I have an old set of nonstick aluminum pans that have gained scratches and lost their non-stick coating over the past several years.
There's nothing physically wrong with them except for those few microns of Teflon that are flaking off.
I'm wondering if I can scrub off the non-stick coating and season the pan as I do my cast iron skillet (coat with oil, then apply high heat in the oven).
I'd need to remove the handle when seasoning it, but that shouldn't be a problem as they're attached with screws, not rivets.
So - can I get that beautiful dark glossy patina on my aluminum pan, or is it destined to be a food magnet?
Wow, I am going to say no. I haven't research it that mush but my guess is it is a bad idea. Aluminum pans are cheap, I would just pick up a new one.
But to really answer your question. I don't really think you will be able to season an aluminum pan. I have a couple that I saute and pan fry with all the time that, even if I wasn't trying to intentionally season them they should have developed some sort of coating like a cast iron pan or carbon steel wok would do naturally over time.
It is possible that I just wash it to aggressively after use. I would say the only way to really know for sure would be to give it a try. But I wouldn't mess with the non-stick pan. Just buy a new aluminum pan.
I've never heard of seasoning aluminum, but a casual search turned up similar suggestions that it's do-able.
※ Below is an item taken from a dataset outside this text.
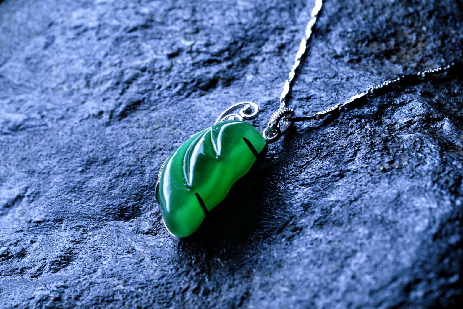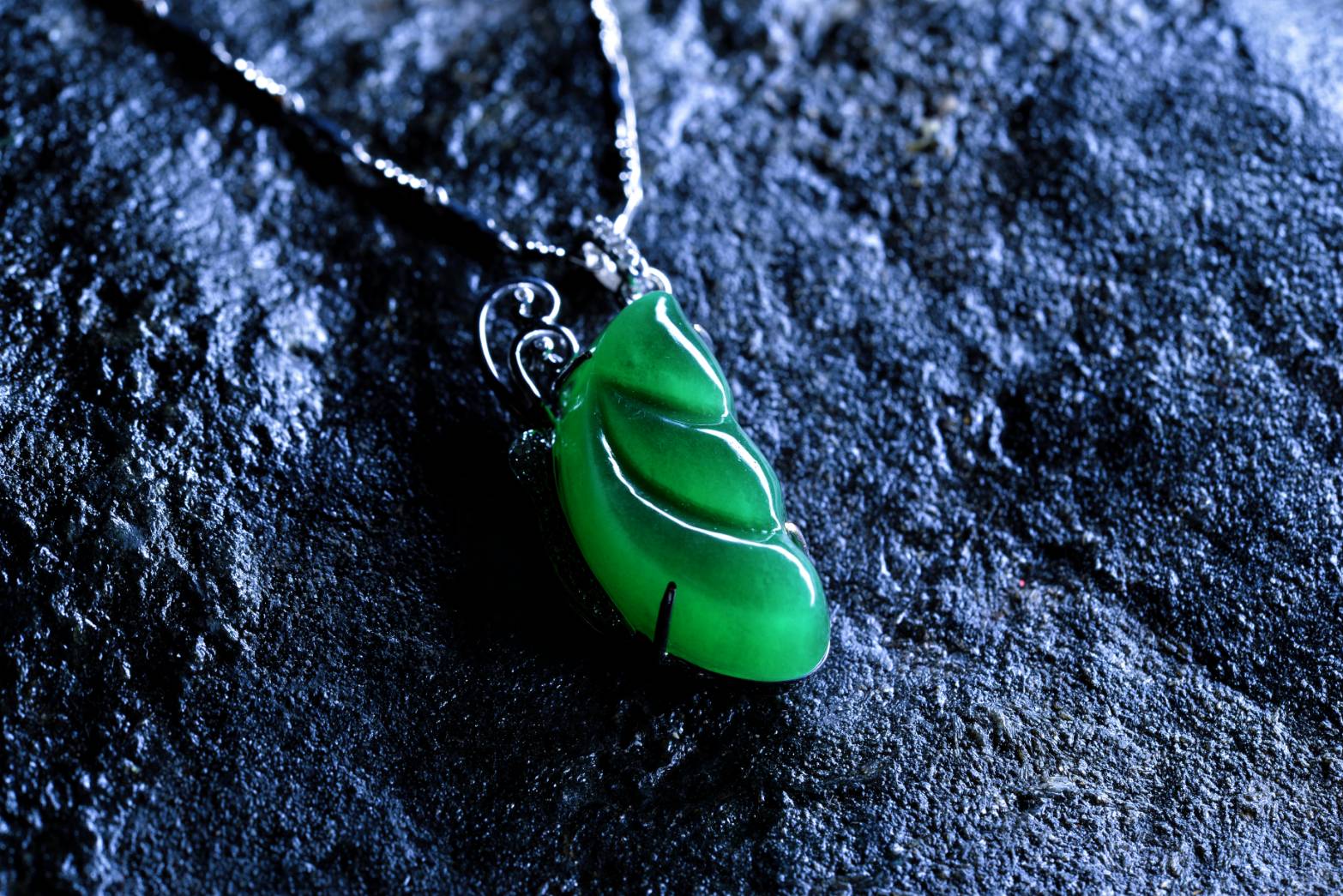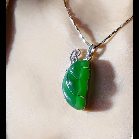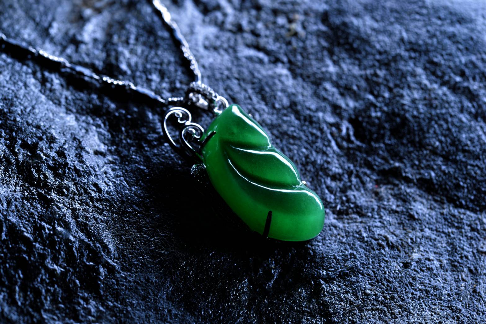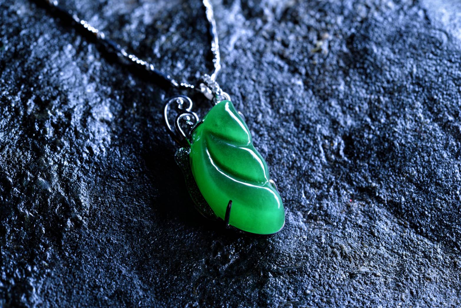 吊墜項鍊以一個充滿自然氣息且細節豐富的設計為特色。核心是一塊光滑、雕刻精美的鮮綠色翡翠,造型為一片葉子。這塊翡翠色澤濃郁、光澤良好,表面雕刻了仿真的葉脈紋理。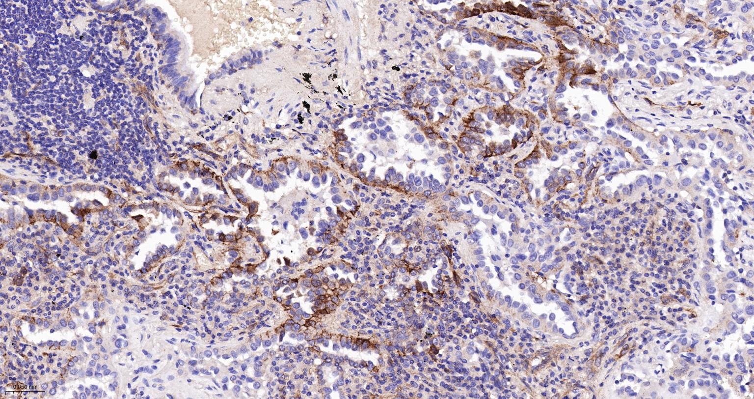 Paraformaldehyde-fixed, paraffin embedded Human Lung Cancer; Antigen retrieval by boiling in sodium citrate buffer (pH6.0) for 15 min; The section was incubated with NDRG1 Monoclonal Antibody, Unconjugated (bsm-61629R) at 1:200 overnight at 4°C, followed by conjugation to the bs-0295G-HRP and DAB (C-0010) staining.

On the other hand, it is quite easy to cook in bare aluminum, and I find it easier to scrub of stuff that's seriously burned on, compared to stainless. Restaurants particularly like aluminum cookware because it's dirt cheap and conducts heat extremely well.
Personally, I don't think it's worth the hassle of scrubbing off all the nonstick layer. For something as fragile as a teflon coating, it proves remarkably difficult to fully expunge all traces of the nonstick coating, and the layers that help it adhere to the metal. Let us not forget that these layers contain toxic PFOA, so you'll want to get every last trace gone.
Seems like a bad use of time, when you can buy a brand new, NSF-certified aluminum pan for under $20.